The GFP-Map1Lc3 transgenic zebrafish line has been used in several studies to explore the role of autophagy in bacterial clearance (Mostowy et al. 2013), blastema formation following fin amputation (Varga et al. 2014), and in liver homeostasis (Cui et al. 2012). With regards to skeletal biology, this line can also be used to explore the expression pattern of autophagy during early development and to identify cell types showing high expression of autophagy activity. As shown in Fig. 3, we were able to identify that during development, zebrafish show high expression of GFP-Map1Lc3 around joint sites, and that the cells in the joint interzone specifically show increased GFP-Map1Lc3 expression compared to the surrounding cells. Given the optical clarity of zebrafish, these fish can be imaged live under anaesthetic, and the expression of Map1lc3 can be tracked throughout development in the same fish.

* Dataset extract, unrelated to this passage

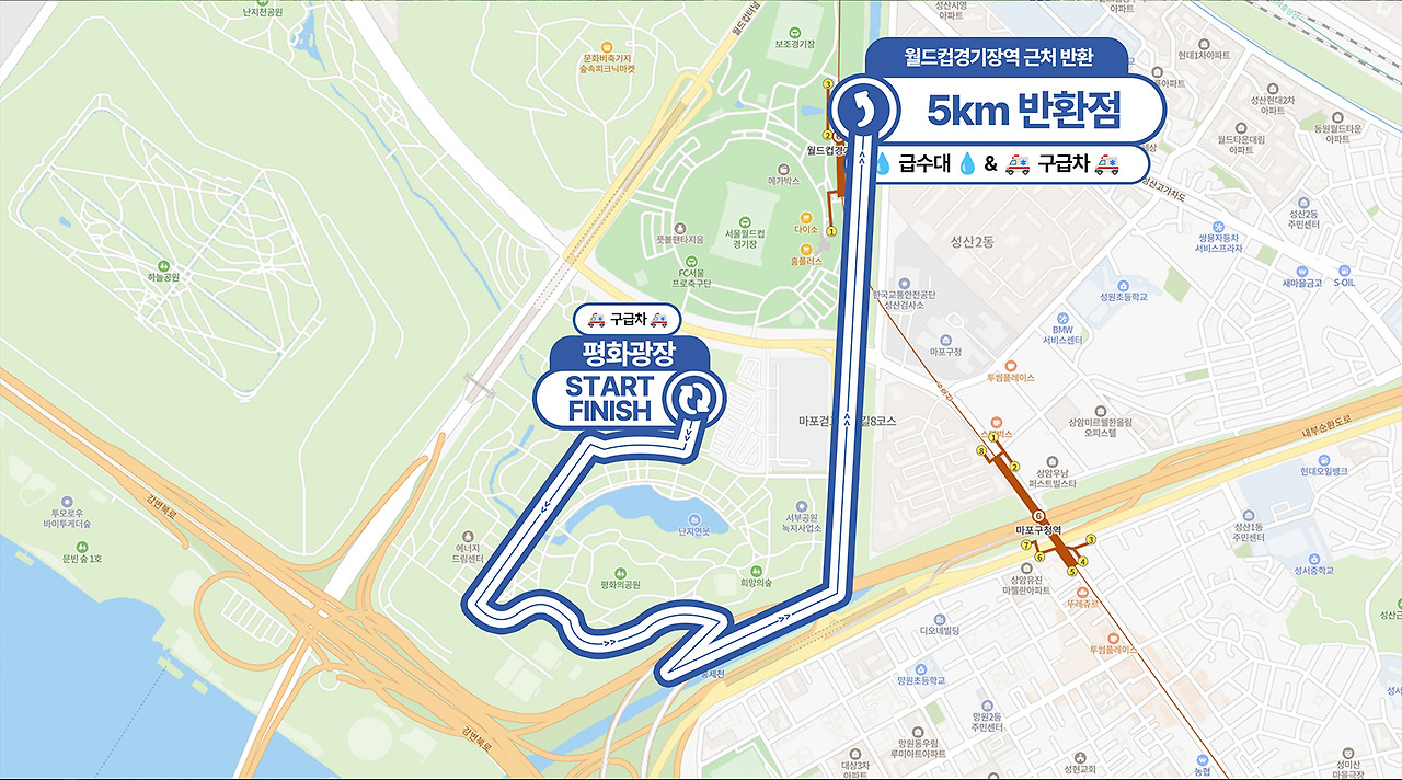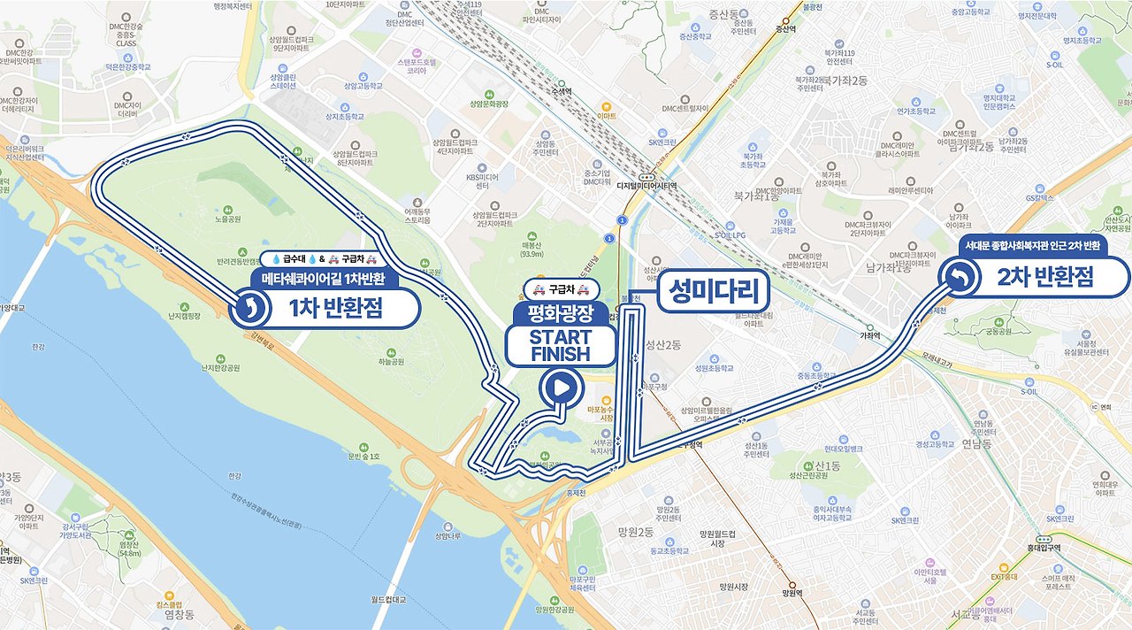 평화광장 → 별자리광장 → 하늘공원 → 난지천공원 다목적구장 버스정류장 → 노을공원길 → 메타쉐콰이어길 1차반환 → 노을공원길 → 하늘공원길 → 모험놀이터길 → 불광천 → 월드컵경기장역 (성미다리) → 마포구청역방향 → 사천교 → 홍제천길 → 서대문 종합사회복지관 인근 2차 반환 → 성미다리 →모험놀이터 → 별자리광장 → 평화광장
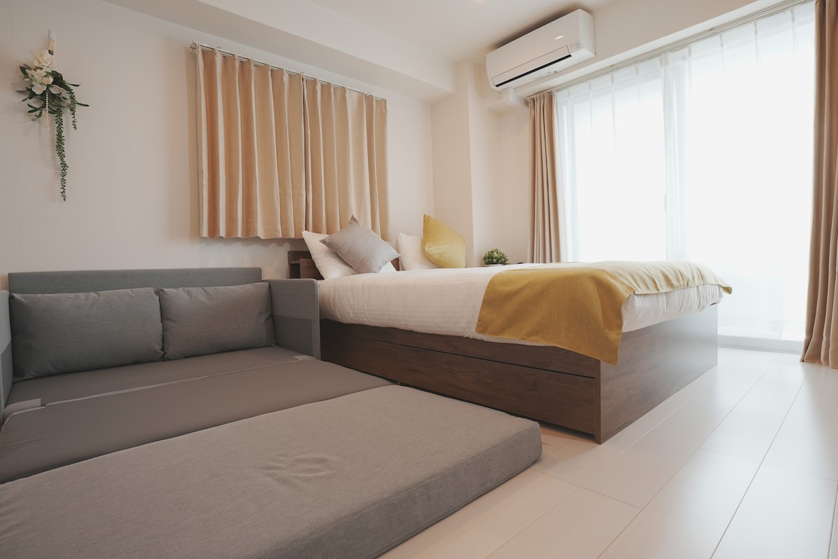 ◆Location: 1 subway stop from Namba, Dōtonbori, and Tennōji. 180m from Daikokucho subway, 2mins walk. ◆Facilities: Two double bedrooms Separate living area, kitchen, and bathroom. Fits up to 4 guests. ◆Transport: Access to Midosuji, Yotsubashi, JR Loop, and Nankai Line. Kansai Airport: 45 mins on Nankai Line, no transfers. Universal Studios: 25mins by JR. ◆Notes: 1 free towel/guest. Extras 200 yen. No cleaning during stay. Quiet after 10 pm. No smoking indoors.

Moreover, through the use of skeletal cell specific transgenic lines, the expression of GFP-Map1Lc3 can be correlated to a specific cell type. For example, transgenic lines expressing Col10a1 or sp7 can be used to label osteoblasts at different stages of differentiation; transgenic GFP-trap fish can be used to label osteoclasts; whilst fluorescent labelling of type II collagen can be used to monitor chondrocytes and cartilage development and formation. Similarly, there are many antibodies and transgenics available for the labelling of muscles, collagens, tendons, and ligaments, enabling the expression of Map1Lc3 to be explored in many different cell types related to the skeletal system. This can allow for the identification of patterns in autophagy activity during skeletal patterning and differentiation, either in normal development, in response to the mutation of genes of interest, or during pharmacological (Seda et al. 2019) or mechanical manipulation (Brunt et al. 2016). These data could be correlated to phenotypes seen in disease models to explore how autophagy activity may be being altered within different bone disorders. There are also several autophagy-specific knockout zebrafish lines which have been shown to block or impair autophagy activity (Table 2). These enable investigations of how loss of autophagy activity affects the differentiation and function of skeletal cells and the gross development and performance of the skeleton.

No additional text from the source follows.